Given entries:

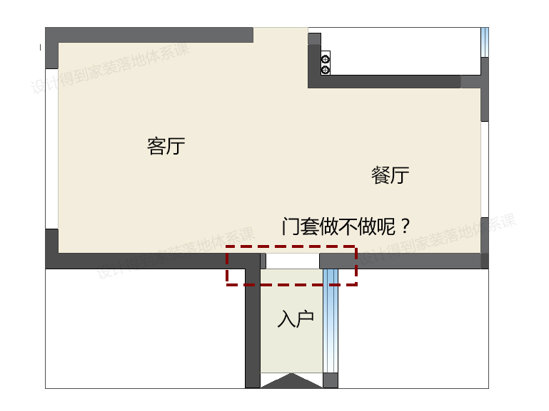 说起门套,首先碰到的可能是装不装的问题,在很多情况下,门套其实大可不必,毕竟造价也摆在那里。比如像如下的户型结构中,从入户到客餐厅之间这里有一个门洞,过道形入户本就不宽,取消线框处的门套,空间只会更宽敞。
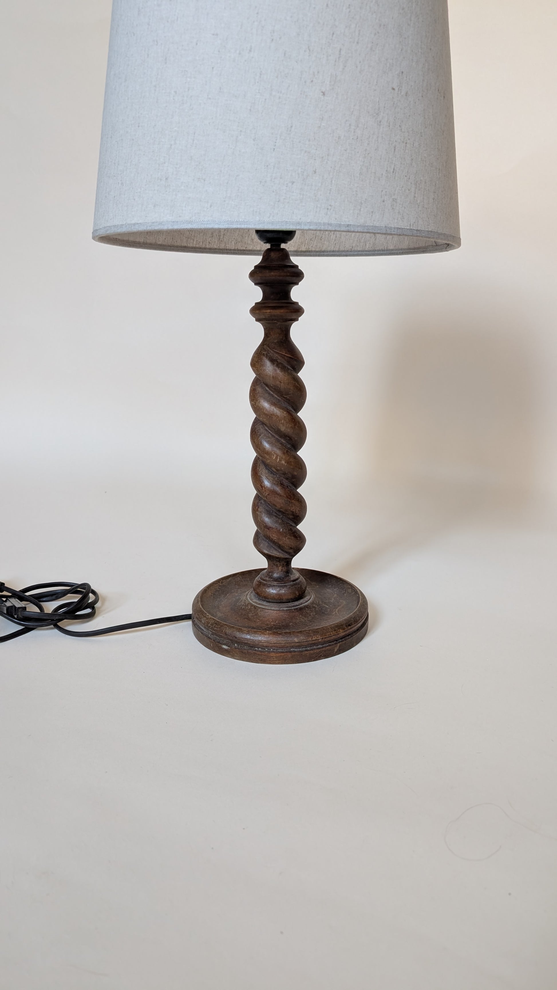 Lampe de table en bois torsadé. Son pied en bois foncé, sculpté d'une magnifique torsade en spirale (style "Barley Twist" ou colonne salomonique), est caractéristique des meubles classiques.
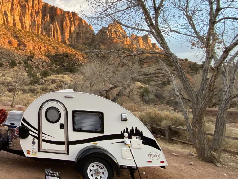 Lovely teardrop camper for an exciting getaway. Cozy queen-sized (78" by 58") bed folds up into a futon for versatility. Features air conditioning, heating, roof vent fan, kitchen with sink, Yeti cooler (for refrigeration) microwave, mini-oven, 8 gallon water capacity, water spray nozzle that works as a cold shower, propane stove (includes propane), blinds, window screen, indoor & outdoor sound system, solar panels, and propane accessory hookup. We usually sleep 2 adults + 1 kid and love to go off the grid at BLM. Great for experts and newbies! Dry weight is 1300 lbs, tongue weight of 150 lbs, connects to 2-inch hitch ball, and requires 7-pin electrical connector. The top of the hitch ball needs to be 16-18" from the ground to the top of the ball from the ground. Can be towed with a 4-cylinder car (we do this).Some appliances (AC, heat, microwave, mini-oven) work only with a shore power (120V / 30 amp) campsite connection. We have a generator available (additional cost) that will let you run the appliances off the grid. Solar power recharges the 12V during the daytime.***For Winter weather*** The trailer shouldn't be brought to an area with snow due to corrosion from road salt. Also, the trailer may not be stocked with water if you're traveling to an area where the temperature goes below freezing due to freezing of the plumbing.Here's a nice tour of the camper. Ours is the non-Boondock version which is mostly the same except that ours doesn't have a few features like the off-road wheels & wheel covers and roof rack. https://www.youtube.com/watch?v=Ziz1yfClAzQWhat's includedFresh linens, pillows, Yeti cooler (for refrigerator). Available upon request (additional fees may apply): hitch ball, hitch height adapter, stools, camping table, pots/pans, silverware, front door mat, shower hot water heater, propane heater, 2000W power generator, portable toilet, and delivery to campsite within a 50-mile radius.RecommendationsRecommended Campgrounds in the area: Bluffs/San Mateo at San Onofre, Silverwood Lake, Joshua Tree (in park or BLM), O'Neill Park, Casper Wilderness Park, Crystal Cove State Park, Point Mugu State Park, Red Rock Canyon (NV), McGill Campground, Lost Dutchman State Park (AZ), Zion.Other things to noteInterior not to be used for carrying luggage because it can damage the interior. Should not be taken offroading for anything that requires more than 5 inches of ground clearance. Outdoorsy Driver Verification must be completed before RV can be picked up, no exceptions.Pickup and dropoff times are flexible. Please send us a message to arrange the times.
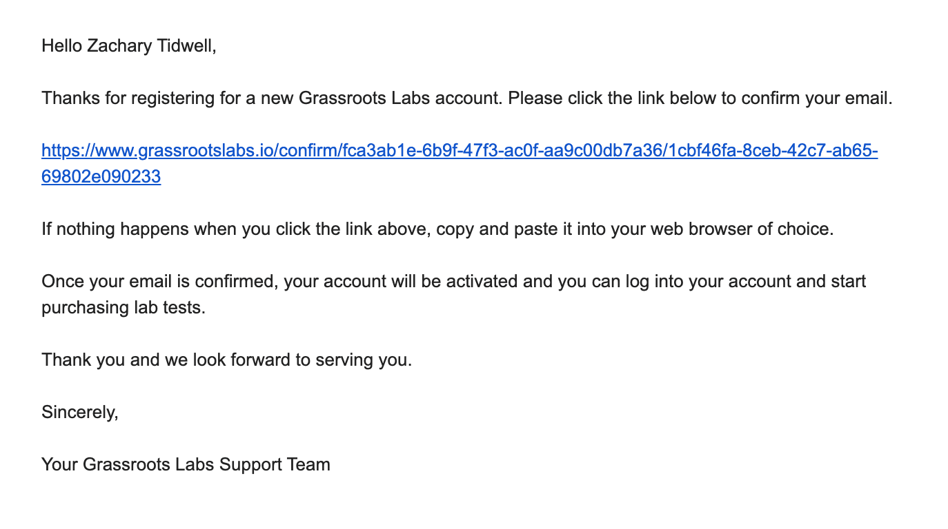 Results are available within 3-5 business days. Get notified by email. Download and share your results from your Grassroots Labs Account online.
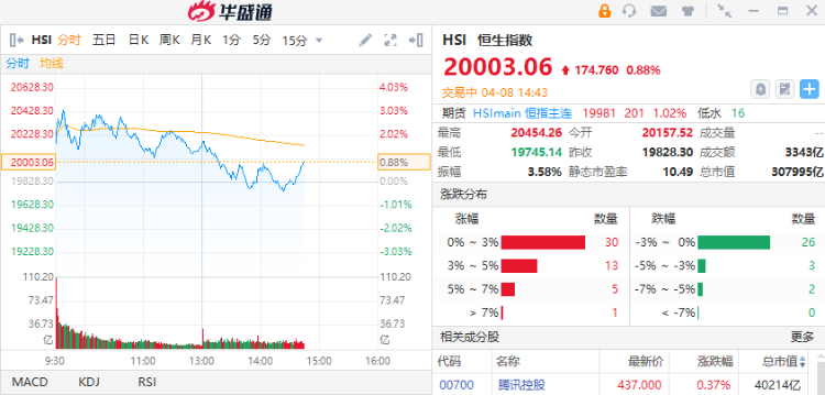 華盛資訊4月8日訊,經歷了“黑色星期一”後,今日早盤港股市場三大指數集體反彈,恒生指數一度漲約3%,恒生科技指數一度漲約6%;截至發稿,恒生指數漲幅收窄至0.88%,恒生科技指數現漲2.02%。
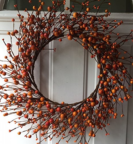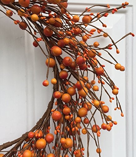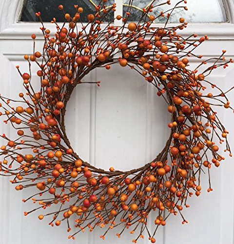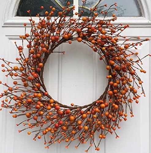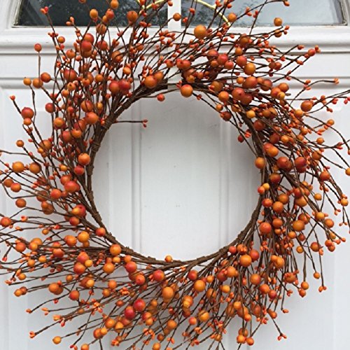 AUTUMN DECOR Handmade orange berries, this decorative wreath brings the beauty of fall color indoors when hung in a kitchen, living room, or above a fireplace.
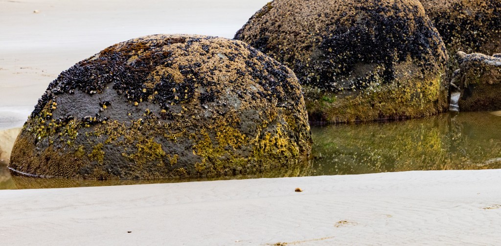 The boulders are giant concretions formed by the mineralization of the mudstone in the formation. Think about how pearls are formed and that is a good analogy for these. Definitely worth a stop. We checked out the boulders and then did a nice walk up the beach.

Work to be completed: Begin with the line that has "Results are available" and continue to the last line of the entries, printing each line exactly and nothing else; include both ends and skip the pictures.

Exercise response:
 Results are available within 3-5 business days. Get notified by email. Download and share your results from your Grassroots Labs Account online.
 華盛資訊4月8日訊,經歷了“黑色星期一”後,今日早盤港股市場三大指數集體反彈,恒生指數一度漲約3%,恒生科技指數一度漲約6%;截至發稿,恒生指數漲幅收窄至0.88%,恒生科技指數現漲2.02%。
 AUTUMN DECOR Handmade orange berries, this decorative wreath brings the beauty of fall color indoors when hung in a kitchen, living room, or above a fireplace.
 The boulders are giant concretions formed by the mineralization of the mudstone in the formation. Think about how pearls are formed and that is a good analogy for these. Definitely worth a stop. We checked out the boulders and then did a nice walk up the beach.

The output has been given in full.